=== Exercise requirements ===
For the material below, the expected output is exactly the lines between the line holding "In Indonesian Wayang" and the line holding "Firana gotowa na", inclusive, with pictures left out.

=== Given data ===
====

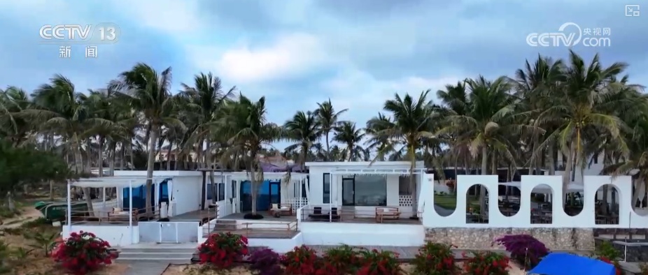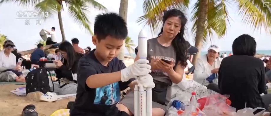 这里是文昌一处民宿后的沙滩上,隔海相望的位置就是文昌航天发射场的塔架。如今,火箭发射观礼已经成为海南一张独特的文旅名片。而不少游客会直接选择能够远眺发射场的民宿,在阳台或者来到沙滩直接看火箭发射升空。
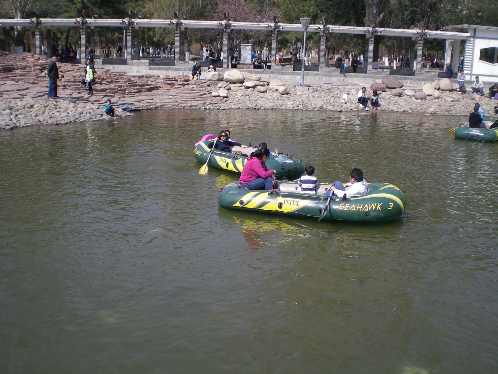 小朋友最爱玩儿的当然是水了,在池塘边就有好多的小孩子在玩水。他们有的在打水枪,有的在用网捞蝌蚪,还有的小孩干脆跑到水里戏水。水不深,浅绿色,水塘的中央有好几条船,船边还有鸭子不时的游过。
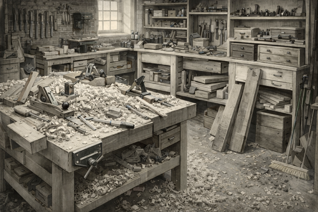 木の香りが満ちる作業場。削り屑が舞い、ノミを叩く音だけが響く空間――。
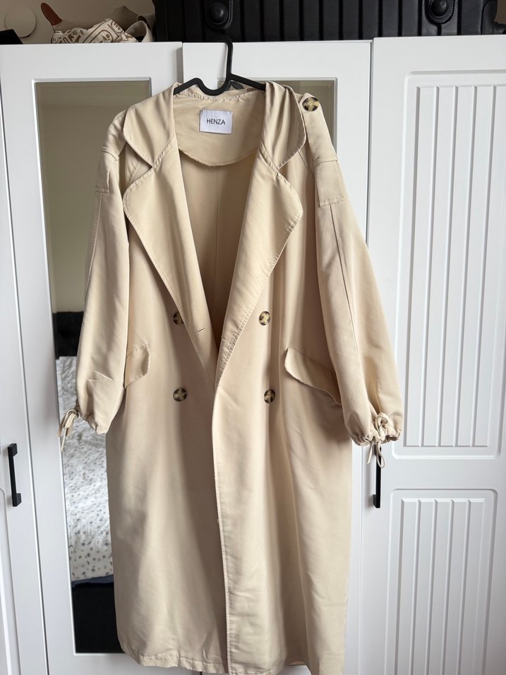 Bej renkte, keten kumaştan midi uzunlukta, düğmeli ve uzun kollu, geniş kesim kadın trençkot.kemeri mevcuttur
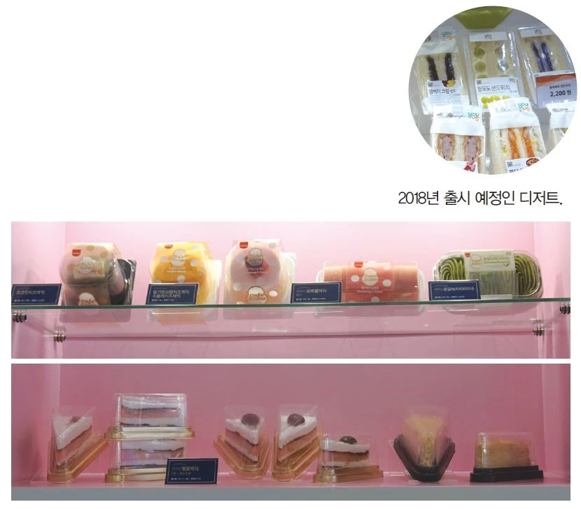 ● 디저트 베이커리는 인기를 끌었던 기존 제품 라인을 강화한다. 과일샌드위치는 블루베리, 앙버터 크림 샌드위치 등 메인 재료를 차별화했다. 모찌롤케익과 티라미수는 딸기, 녹차 등새로운 맛을 추가로 출시한다. 수플레 케이크 등 생과일과 좋은 원료를 사용한 전문점 타입의 냉장 디저트는 지속 확대한다.
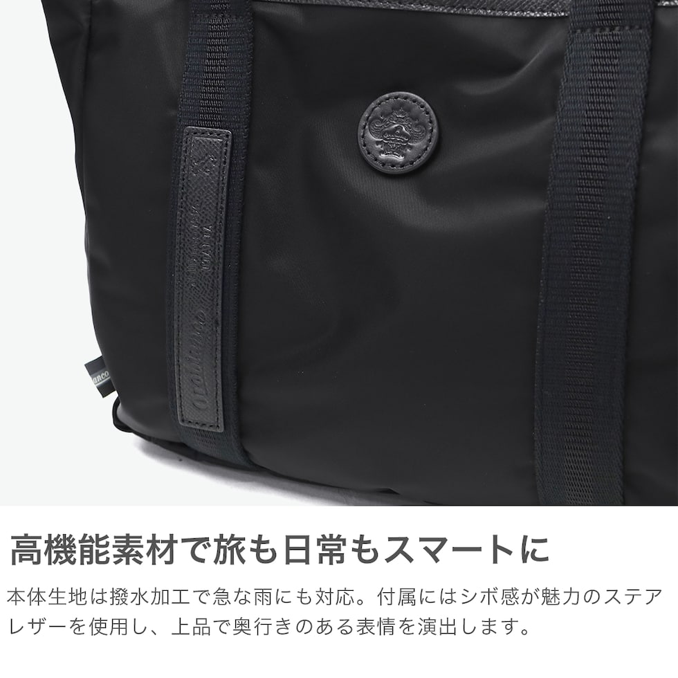 | 上質素材で仕上げた 機能派ミニトート 洗練されたデザインと高い機能性を備えた、トラベルシリーズ『VIAGGETTO』のミニトートバッグです。環境に優しいリサイクルナイロンと上質な牛革を使用し、軽量かつ撥水性にも優れています。ファスナー付きで安心感があり、ちょっとしたお出かけにもぴったりのサイズ感。旅先でも日常でも快適に使える、上品な逸品です。 |
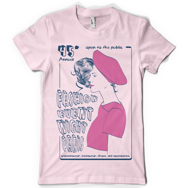 "Fashion poster" vector illustration made by Danilo De Donno. T-shirt template is available as an EPS file, that can be used with Adobe Illustrator, Corel Draw. For Adobe Photoshop, just save the file in PSD format and then open it in the Photoshop program.
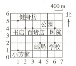 (3)上周日,小轩从家出发后的路线依次是$(5,4)→(2,3)→(4,3)$,依次写出他去的地方。
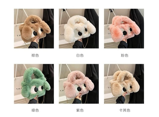 Chain Strap Eye Applique Fluffy Crossbody Bag
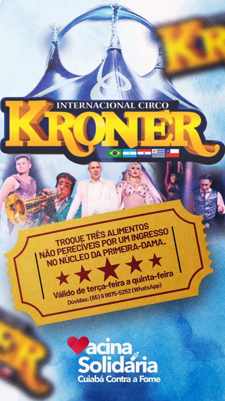 Dando um reforço ainda maior à Campanha “Vacina Solidária”, o Núcleo da primeira-dama de Cuiabá, Márcia Pinheiro, realiza uma parceria com o Circo Kroner. A ação visa trocar o ingresso para o espetáculo por 3 kg de alimentos não perecíveis, que podem ser retirados no próprio núcleo, localizado no sétimo andar do Palácio Alencastro.
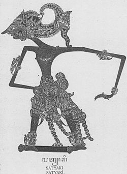 In Indonesian Wayang Kulit, Satyaki is represented with the stylized artistic conventions typical of Javanese puppetry. Figures are given elongated limbs, graceful hand movements, and intricately designed costumes that highlight their role and moral stature. Known locally as Setyaki, his puppet form emphasizes elegance and nobility rather than physical realism, reflecting the symbolic interpretation of his character within Javanese art.
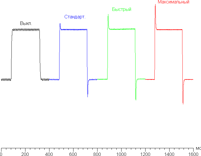 При включении разгона на графиках некоторых переходов появляются характерные всплески яркости. Ниже приведены графики полутонового перехода между оттенками 70% и 90% и обратно для четырех значений этой настройки (по вертикали — яркость, по горизонтали — время, для наглядности графики выстроены последовательно):
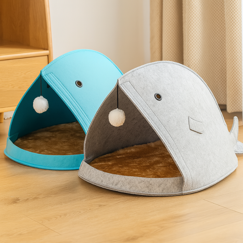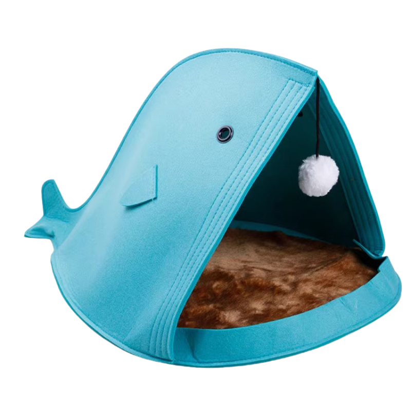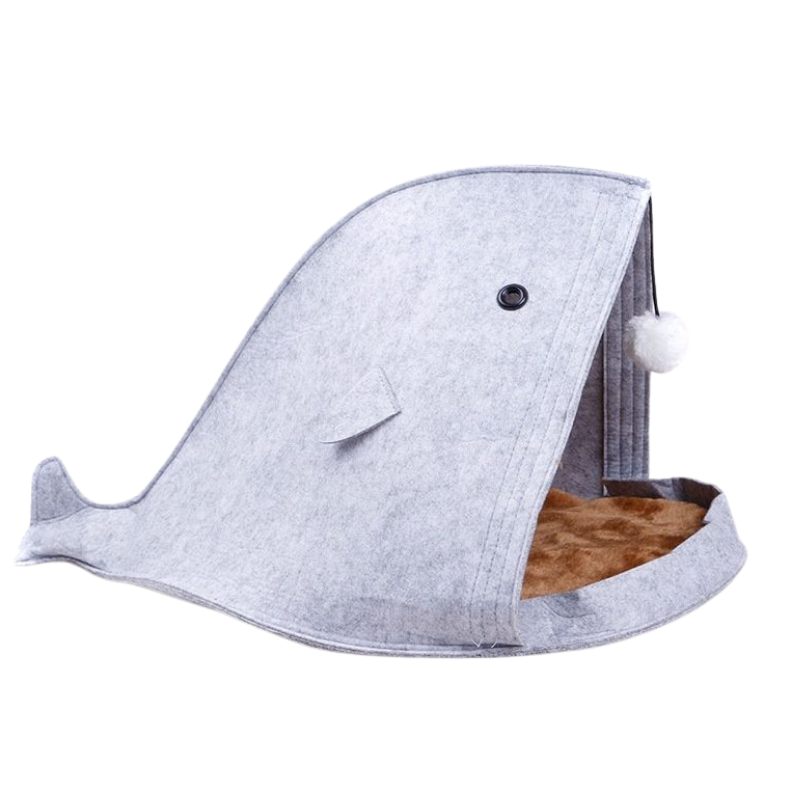 Mit ihrer walähnlichen Form und den neutralen Farben ist die WalHöhle ein Hingucker in jeder Wohnung. Funktional, verspielt und dekorativ zugleich. Wähle zwischen Blau und Grau – passend zum Charakter deiner Katze und deinem Einrichtungsstil.
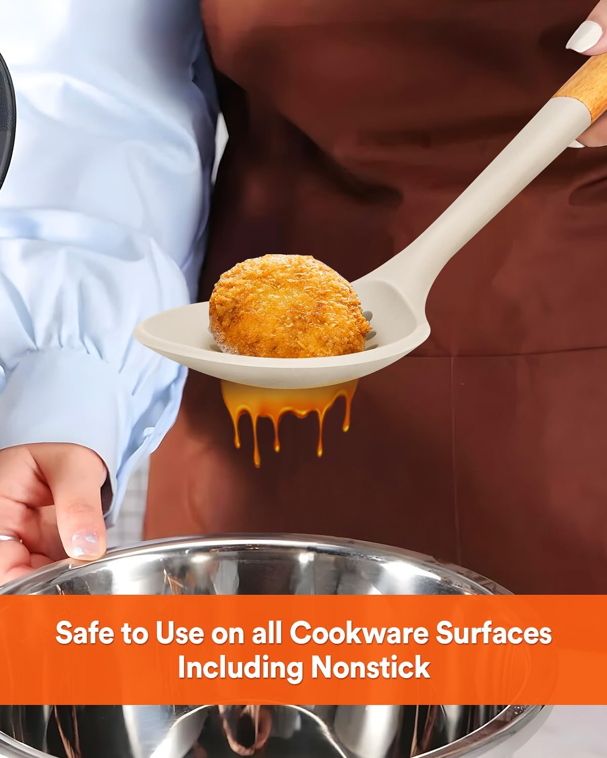 - The Most Thoughtful Design: The high-quality nylon core is more durable and keeps you away from the trouble of kitchen utensils rusting or breaking. The anti-scald Wooden handle is not easy to conduct heat and is more comfortable to hold than traditional utensils
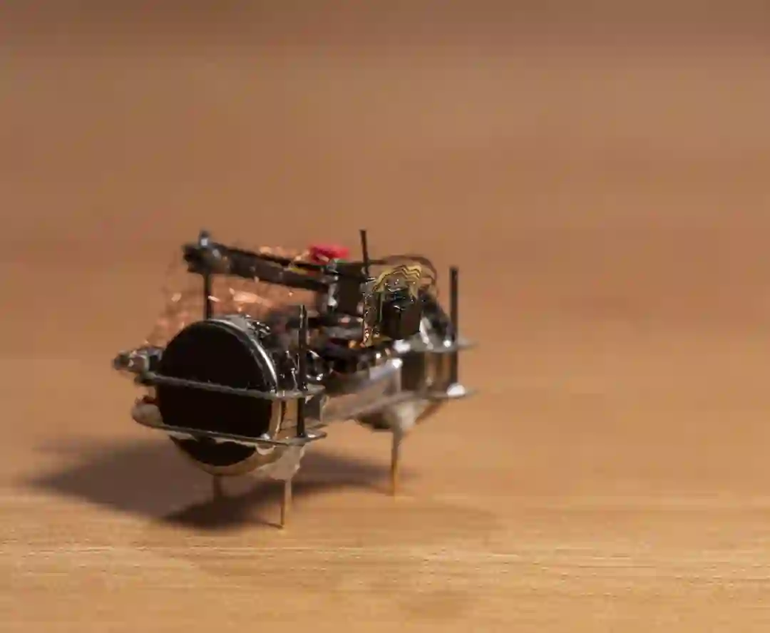 鉴于昆虫是活体,不容易操纵,研究者还设计了一款小型昆虫规模的机器人,以便对其进行完全的远程控制。这是有史以来最小的具有动力自主功能的地面机器人,体型为 1.6 厘米 x 2 厘米,移动速度约为每秒 3.5 厘米,在现有的供能条件下可连续运行 63 到 260 分钟。
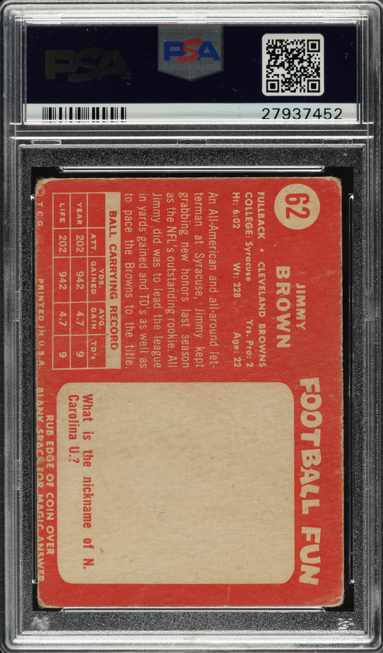 Graded GOOD 2 by PSA. Cleveland Browns Hall of Famer Jim Brown.
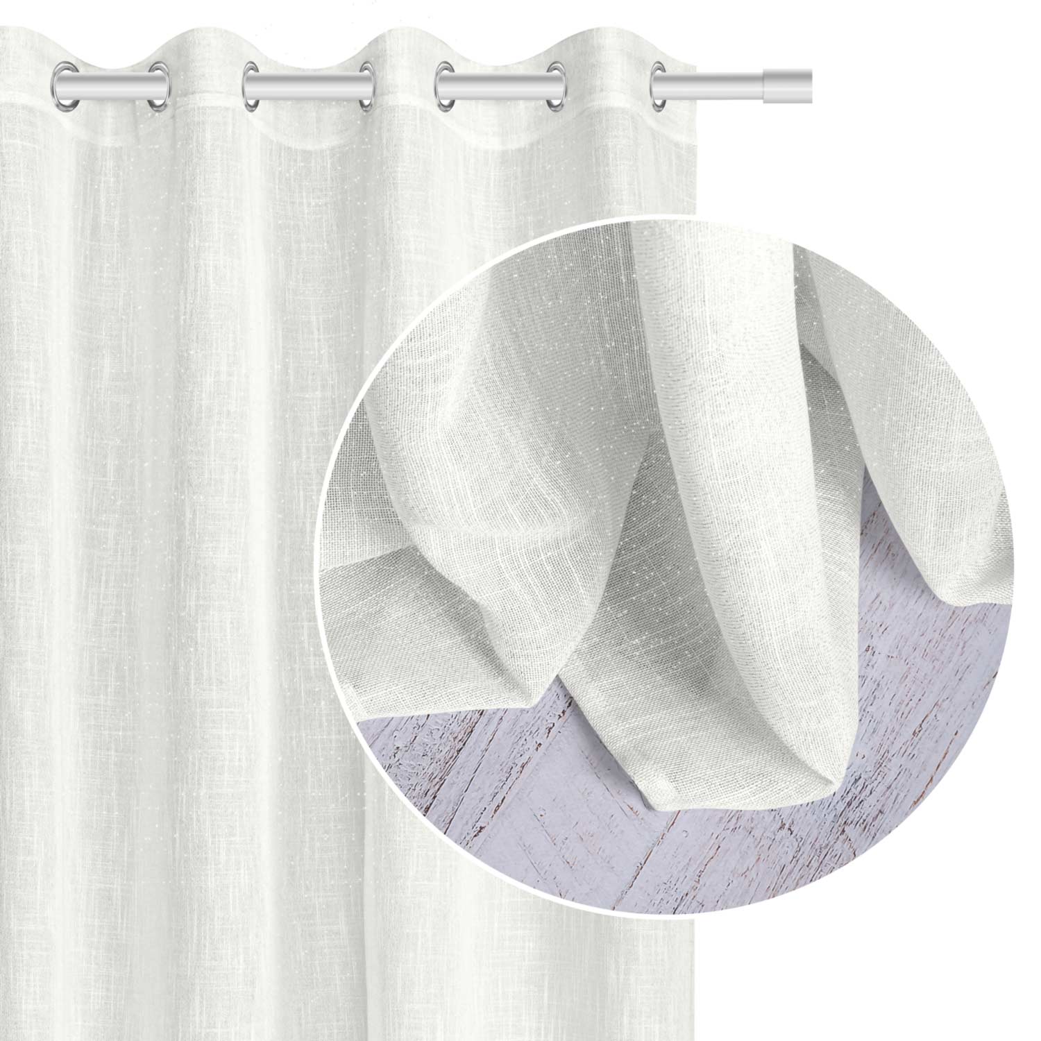 Firana gotowa na przelotkach FROST 140x250 biała ze srebrną nitką
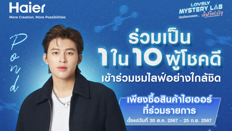 กรุงเทพฯ 10 กันยายน 2567 – ครึ่งปีแห่งความปัง! เรียกได้ว่างานฮอตงานรุมไม่พัก สูสีตีคู่กับหน้าตาจริง ๆ สำหรับหนุ่มหล่อ “ปอนด์ ณราวิชญ์ เลิศรัตน์โกสุมภ์” ที่เตรียมเล่นใหญ่เนรมิตห้องแล็ปทดลองแสนพิเศษ พร้อมมอบความสุขให้แฟน ๆ สนุกสุดฟินแบบเกินร้อย ในกิจกรรม Haier Dream For Fan SS4 ตอน “Haier x Pond Lovely Mystery Lab เปิดห้องทดลอง…เลิฟ(วิทย์)ยู” เตรียมสร้างหลักสูตรรักแบบเร่งรัดให้เหล่าแฟน ๆ ทั้งในจอและนอกจอหัวใจฟูกันถ้วนหน้า ผ่านกิจกรรมการทดลองแสนสนุกไปกับ Pondfessor มาดเท่ ทางไลฟ์บน Facebook : Haier Thailand ในวันที่ 4 ตุลาคม 2567 เวลา 18.00 น. พร้อมลุ้นเป็น 1 ใน 10 ผู้โชคดีเข้าร่วมห้องแล็ป เพื่อเข้าร่วมชมไลฟ์ในพื้นที่ Live Area สุดเอ็กซ์คลูซีฟอีกด้วย เพียงซื้อสินค้าไฮเออร์ที่ร่วมรายการ ตั้งแต่วันนี้ – 25 กันยายน 2567 สามารถติดตามรายละเอียดกติกาการร่วมสนุกของกิจกรรมเพิ่มเติม ได้ที่ Facebook Haier Thailand: สามารถติดตามข้อมูลข่าวสาร โปรโมชัน และกิจกรรมต่าง ๆ จากไฮเออร์ได้ที่ …

====

=== Result ===
 In Indonesian Wayang Kulit, Satyaki is represented with the stylized artistic conventions typical of Javanese puppetry. Figures are given elongated limbs, graceful hand movements, and intricately designed costumes that highlight their role and moral stature. Known locally as Setyaki, his puppet form emphasizes elegance and nobility rather than physical realism, reflecting the symbolic interpretation of his character within Javanese art.
 При включении разгона на графиках некоторых переходов появляются характерные всплески яркости. Ниже приведены графики полутонового перехода между оттенками 70% и 90% и обратно для четырех значений этой настройки (по вертикали — яркость, по горизонтали — время, для наглядности графики выстроены последовательно):
 Mit ihrer walähnlichen Form und den neutralen Farben ist die WalHöhle ein Hingucker in jeder Wohnung. Funktional, verspielt und dekorativ zugleich. Wähle zwischen Blau und Grau – passend zum Charakter deiner Katze und deinem Einrichtungsstil.
 - The Most Thoughtful Design: The high-quality nylon core is more durable and keeps you away from the trouble of kitchen utensils rusting or breaking. The anti-scald Wooden handle is not easy to conduct heat and is more comfortable to hold than traditional utensils
 鉴于昆虫是活体,不容易操纵,研究者还设计了一款小型昆虫规模的机器人,以便对其进行完全的远程控制。这是有史以来最小的具有动力自主功能的地面机器人,体型为 1.6 厘米 x 2 厘米,移动速度约为每秒 3.5 厘米,在现有的供能条件下可连续运行 63 到 260 分钟。
 Graded GOOD 2 by PSA. Cleveland Browns Hall of Famer Jim Brown.
 Firana gotowa na przelotkach FROST 140x250 biała ze srebrną nitką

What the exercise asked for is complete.